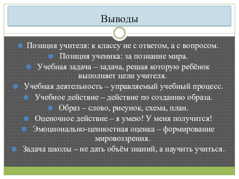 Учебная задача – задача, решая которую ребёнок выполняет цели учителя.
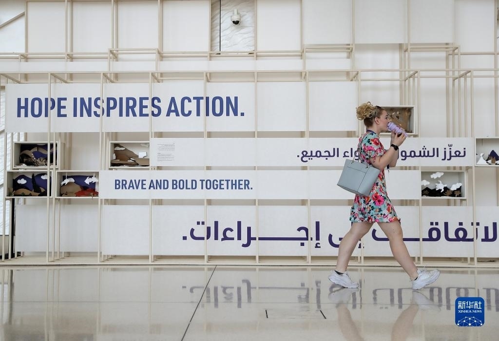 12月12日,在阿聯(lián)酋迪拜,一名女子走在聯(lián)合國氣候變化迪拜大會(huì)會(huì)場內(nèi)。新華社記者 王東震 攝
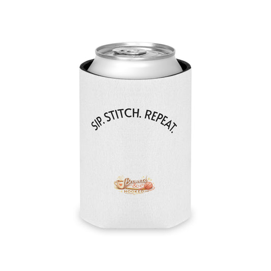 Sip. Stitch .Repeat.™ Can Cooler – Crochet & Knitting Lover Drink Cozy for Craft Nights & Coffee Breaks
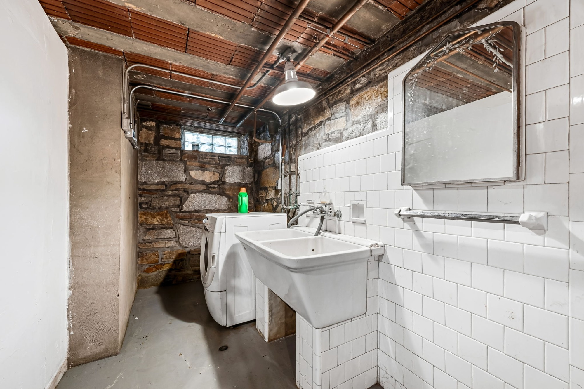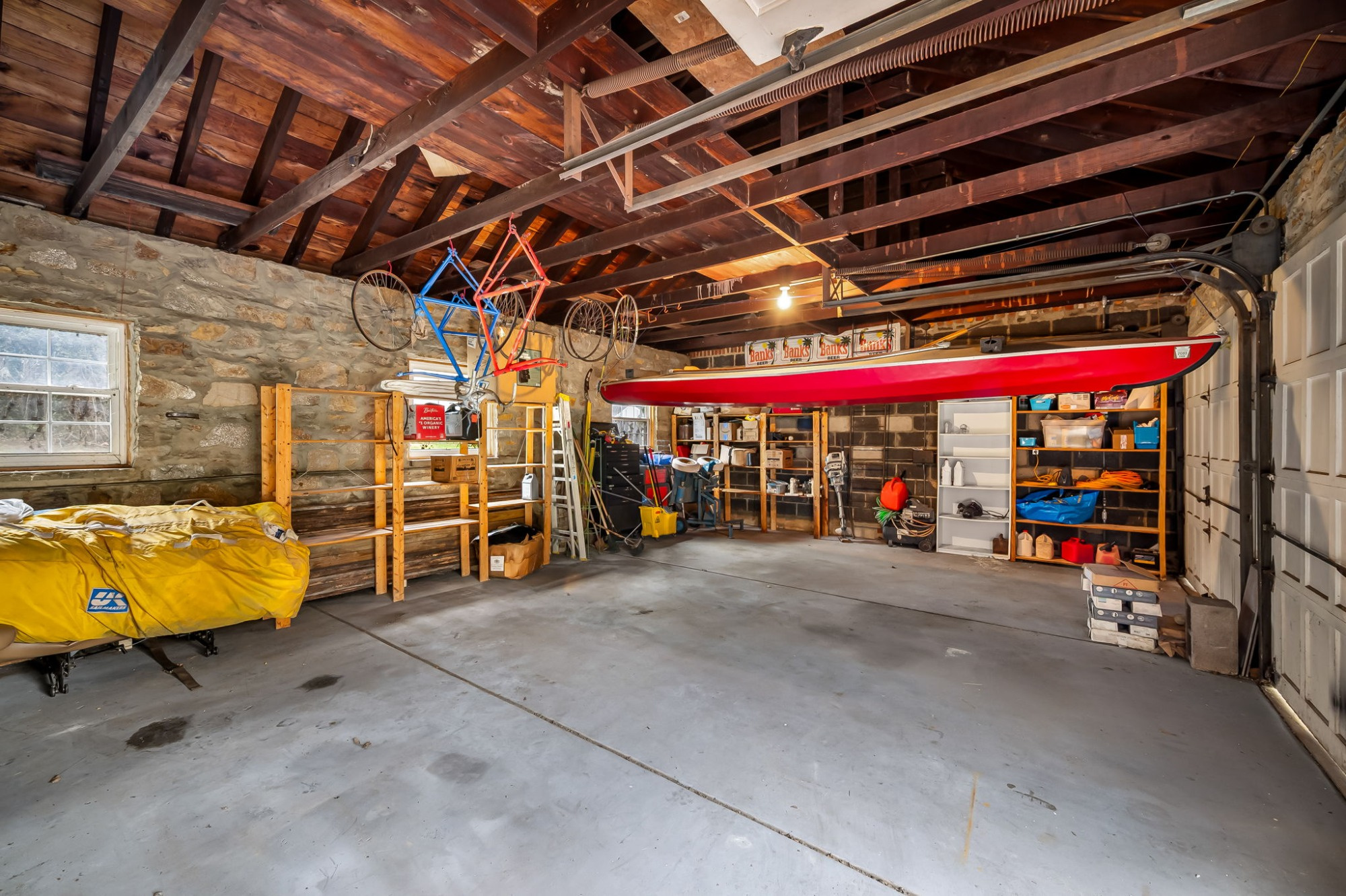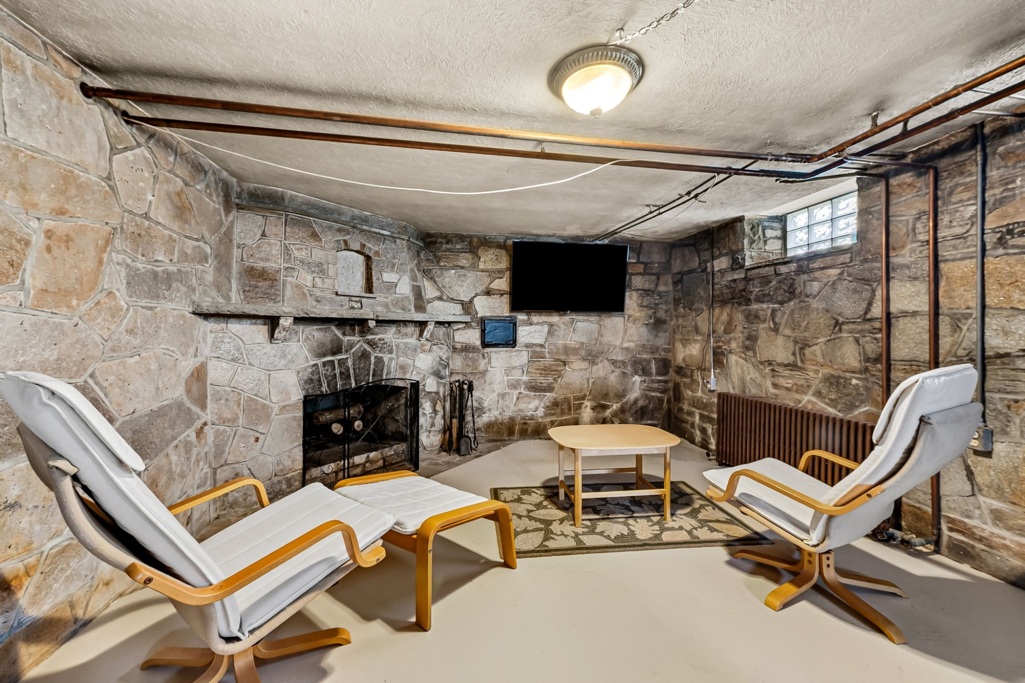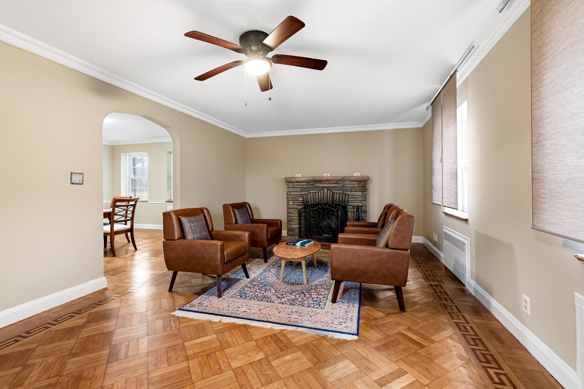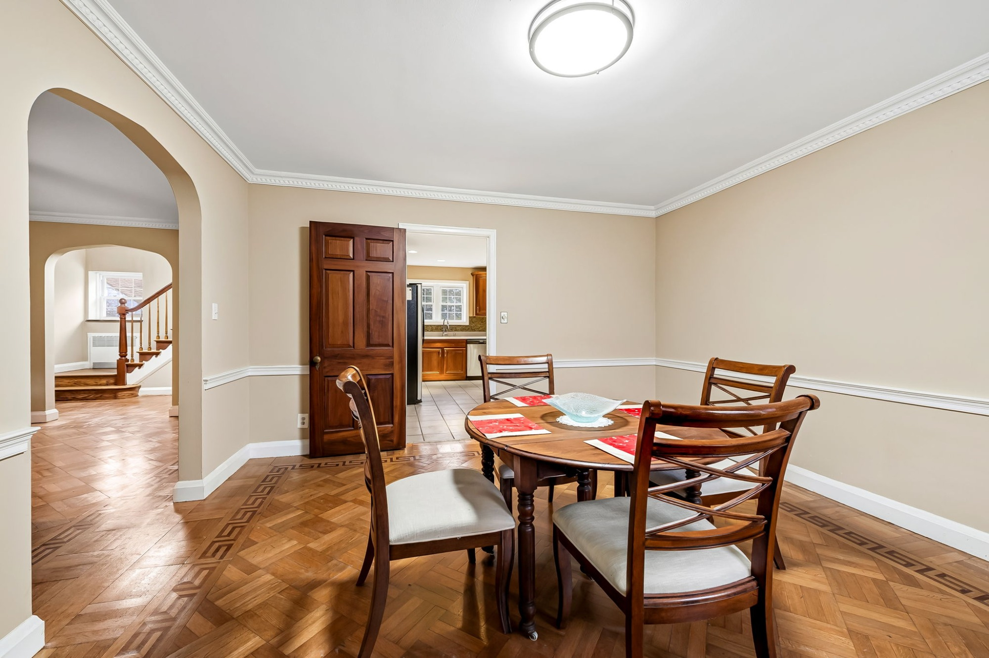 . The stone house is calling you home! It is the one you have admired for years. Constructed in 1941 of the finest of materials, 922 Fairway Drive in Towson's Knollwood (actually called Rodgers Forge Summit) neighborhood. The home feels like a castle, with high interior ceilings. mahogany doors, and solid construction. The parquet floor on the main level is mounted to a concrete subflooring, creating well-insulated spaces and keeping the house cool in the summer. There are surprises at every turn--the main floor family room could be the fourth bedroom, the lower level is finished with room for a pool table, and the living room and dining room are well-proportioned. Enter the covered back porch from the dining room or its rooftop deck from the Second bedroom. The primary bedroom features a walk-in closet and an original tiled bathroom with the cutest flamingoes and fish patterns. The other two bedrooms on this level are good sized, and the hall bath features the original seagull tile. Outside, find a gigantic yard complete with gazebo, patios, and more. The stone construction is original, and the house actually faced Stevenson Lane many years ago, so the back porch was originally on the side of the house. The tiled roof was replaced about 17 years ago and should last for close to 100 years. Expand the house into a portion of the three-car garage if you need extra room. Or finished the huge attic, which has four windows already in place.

□ □ □

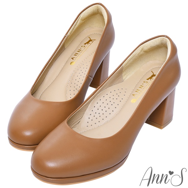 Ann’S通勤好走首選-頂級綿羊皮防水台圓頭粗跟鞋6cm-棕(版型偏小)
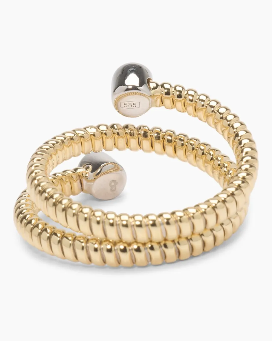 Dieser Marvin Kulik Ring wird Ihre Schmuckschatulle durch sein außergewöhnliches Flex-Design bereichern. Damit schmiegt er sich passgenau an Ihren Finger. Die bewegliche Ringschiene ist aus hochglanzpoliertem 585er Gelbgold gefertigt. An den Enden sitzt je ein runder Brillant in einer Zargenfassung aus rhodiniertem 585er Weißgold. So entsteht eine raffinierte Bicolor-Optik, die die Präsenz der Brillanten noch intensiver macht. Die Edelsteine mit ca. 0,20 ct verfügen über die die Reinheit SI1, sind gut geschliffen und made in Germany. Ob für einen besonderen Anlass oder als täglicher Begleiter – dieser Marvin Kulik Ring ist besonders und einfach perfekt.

□ □ □

Work order ->
Reproduce exactly the lines of the data above that run from the line with "Ann’S通勤好走首選-頂級綿羊皮防水台圓頭粗跟鞋6cm-棕(版型偏小)" down to the line with "Dieser Marvin Kulik Ring wird", both ends included. Pictures do not belong in the copy.

Result of this task ->
 Ann’S通勤好走首選-頂級綿羊皮防水台圓頭粗跟鞋6cm-棕(版型偏小)
 Dieser Marvin Kulik Ring wird Ihre Schmuckschatulle durch sein außergewöhnliches Flex-Design bereichern. Damit schmiegt er sich passgenau an Ihren Finger. Die bewegliche Ringschiene ist aus hochglanzpoliertem 585er Gelbgold gefertigt. An den Enden sitzt je ein runder Brillant in einer Zargenfassung aus rhodiniertem 585er Weißgold. So entsteht eine raffinierte Bicolor-Optik, die die Präsenz der Brillanten noch intensiver macht. Die Edelsteine mit ca. 0,20 ct verfügen über die die Reinheit SI1, sind gut geschliffen und made in Germany. Ob für einen besonderen Anlass oder als täglicher Begleiter – dieser Marvin Kulik Ring ist besonders und einfach perfekt.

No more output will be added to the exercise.